** What you will do **
Give the records again exactly, but drop the pictures.

(Items listed in a dataset)
----------

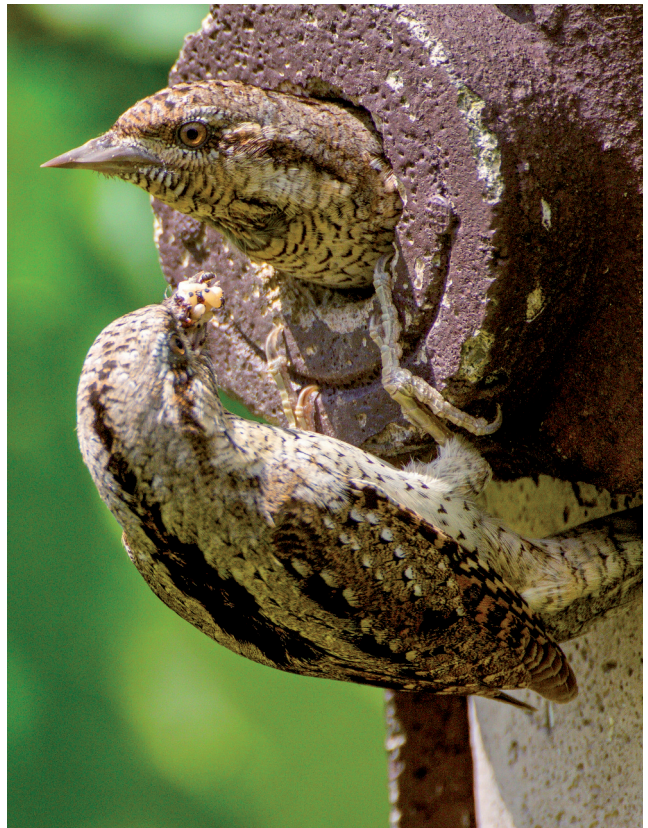
Abb. 10: Im äußeren Erscheinungsbild sind Männchen und Weibchen nicht zu unterscheiden. Beide Eltern beteiligen sich an der Fütterung der Jungen.
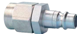
Stecknippel Serie 2000 mit Komfortanschluss für Würth PU-Schläuche
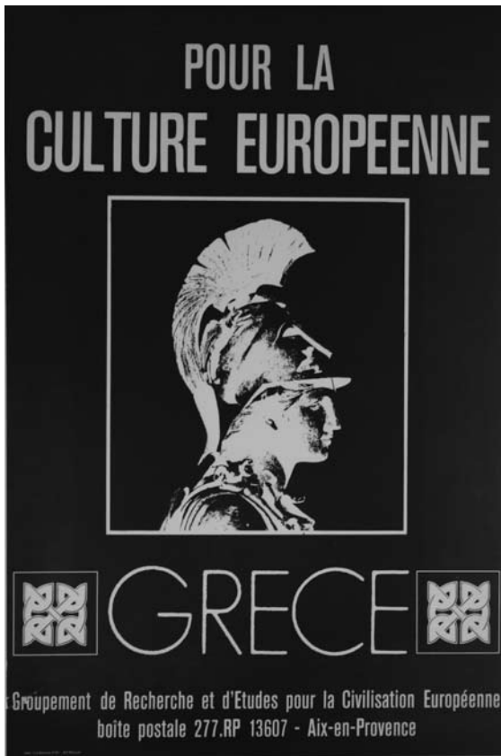
Plakat des GRECE, Ende der 1970er Jahre.

Zweifellos ist dies nicht der einzige Faktor. Manche der Angriffe gegen Louis Pauwels wegen seiner Verbindungen zur Nouvelle Droite richteten sich vermutlich indirekt auch gegen den Figaro -Inhaber Robert Hersant, dem vorgeworfen wurde, ein regelrechtes Presse-Imperium geschaffen zu haben (man nannte ihn den »papivore«, den Papierfresser), aber auch gegen den damaligen Staatspräsidenten Valéry Giscard d'Estaing, für den Pauwels gewisse freundschaftliche Gefühle hegte – nicht zufällig war er auf dem Titelblatt der ersten Ausgabe von Le Figaro-Magazine abgebildet.
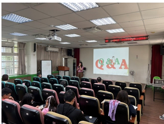
照片說明：講師與家長溝通時間
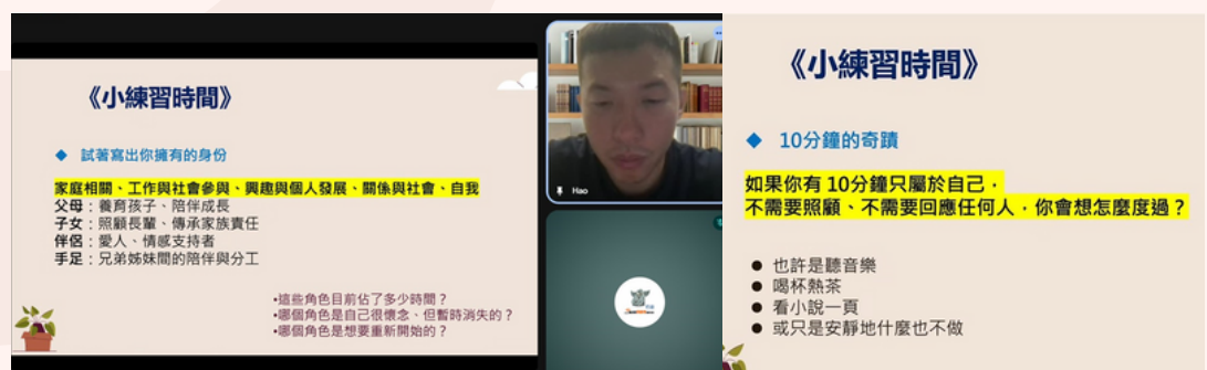
第六場10.4(六)10:00-11:30不只是照顧者：找回自我價值與身分認同
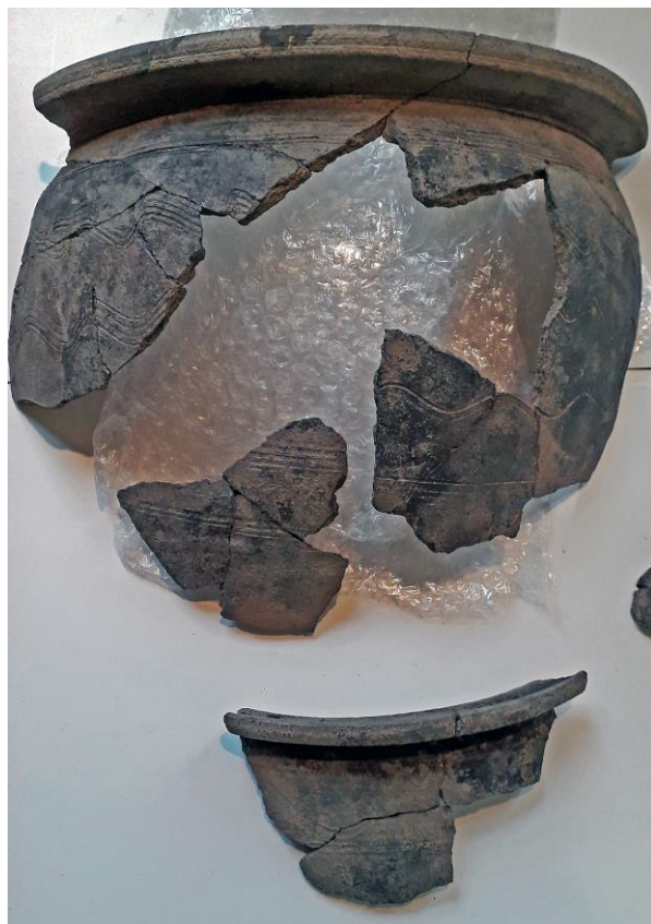
Slepená část nádoby z raného středověku, Žalov, ppč. 2748/2

Historický fond muzea byl v roce 2021 doplňován podle plánu sbírkotvorné činnosti a v souvislosti s plněním výzkumných a dokumentačních úkolů interních a programových projektů formou darů, převodu od jiných institucí, nákupy a ve výjimečných případech vlastním sběrem. V souladu s Konceptí sbírkotvorné činnosti (plánu investic Středočeského kraje) byl v roce 2021 realizován nákup souboru stříbrných rytých šperků, hygienických a kuřáckých předmětů a unikátní truhly (pokladnice) na žold z 1. třetiny 17. století s novějšími úpravami, které rozšířily sbírku SČM/001-07-31/019001 (podsbírku historickou). Instituci se povedlo zakoupit také další díla Zdenky Braunerové, která tvoří důležitou část podsbírky historické – výtvarného umění. Na akvizice spojené s dílem zmíněné umělkyně se instituce zaměřuje systematicky. V souvislosti s realizovanou výstavou věnovanou roztocké sochařce Hedvice Zaorálkové se pak povedlo získat dva dary – bysty z díla této autorky a několik prací z okruhu významných malířů činných koncem 19. a v první polovině 20. století se instituci podařilo zajistit převodem ze strany Úřadu pro zastupování státu ve věcech majetkových. Zejména podsbírky botanická a zoologická se pak rozšířily díky vlastním sběrům kurátorů.

----------

** Written solution **
Abb. 10: Im äußeren Erscheinungsbild sind Männchen und Weibchen nicht zu unterscheiden. Beide Eltern beteiligen sich an der Fütterung der Jungen.
Stecknippel Serie 2000 mit Komfortanschluss für Würth PU-Schläuche
Plakat des GRECE, Ende der 1970er Jahre.

Zweifellos ist dies nicht der einzige Faktor. Manche der Angriffe gegen Louis Pauwels wegen seiner Verbindungen zur Nouvelle Droite richteten sich vermutlich indirekt auch gegen den Figaro -Inhaber Robert Hersant, dem vorgeworfen wurde, ein regelrechtes Presse-Imperium geschaffen zu haben (man nannte ihn den »papivore«, den Papierfresser), aber auch gegen den damaligen Staatspräsidenten Valéry Giscard d'Estaing, für den Pauwels gewisse freundschaftliche Gefühle hegte – nicht zufällig war er auf dem Titelblatt der ersten Ausgabe von Le Figaro-Magazine abgebildet.
照片說明：講師與家長溝通時間
第六場10.4(六)10:00-11:30不只是照顧者：找回自我價值與身分認同
Slepená část nádoby z raného středověku, Žalov, ppč. 2748/2

Historický fond muzea byl v roce 2021 doplňován podle plánu sbírkotvorné činnosti a v souvislosti s plněním výzkumných a dokumentačních úkolů interních a programových projektů formou darů, převodu od jiných institucí, nákupy a ve výjimečných případech vlastním sběrem. V souladu s Konceptí sbírkotvorné činnosti (plánu investic Středočeského kraje) byl v roce 2021 realizován nákup souboru stříbrných rytých šperků, hygienických a kuřáckých předmětů a unikátní truhly (pokladnice) na žold z 1. třetiny 17. století s novějšími úpravami, které rozšířily sbírku SČM/001-07-31/019001 (podsbírku historickou). Instituci se povedlo zakoupit také další díla Zdenky Braunerové, která tvoří důležitou část podsbírky historické – výtvarného umění. Na akvizice spojené s dílem zmíněné umělkyně se instituce zaměřuje systematicky. V souvislosti s realizovanou výstavou věnovanou roztocké sochařce Hedvice Zaorálkové se pak povedlo získat dva dary – bysty z díla této autorky a několik prací z okruhu významných malířů činných koncem 19. a v první polovině 20. století se instituci podařilo zajistit převodem ze strany Úřadu pro zastupování státu ve věcech majetkových. Zejména podsbírky botanická a zoologická se pak rozšířily díky vlastním sběrům kurátorů.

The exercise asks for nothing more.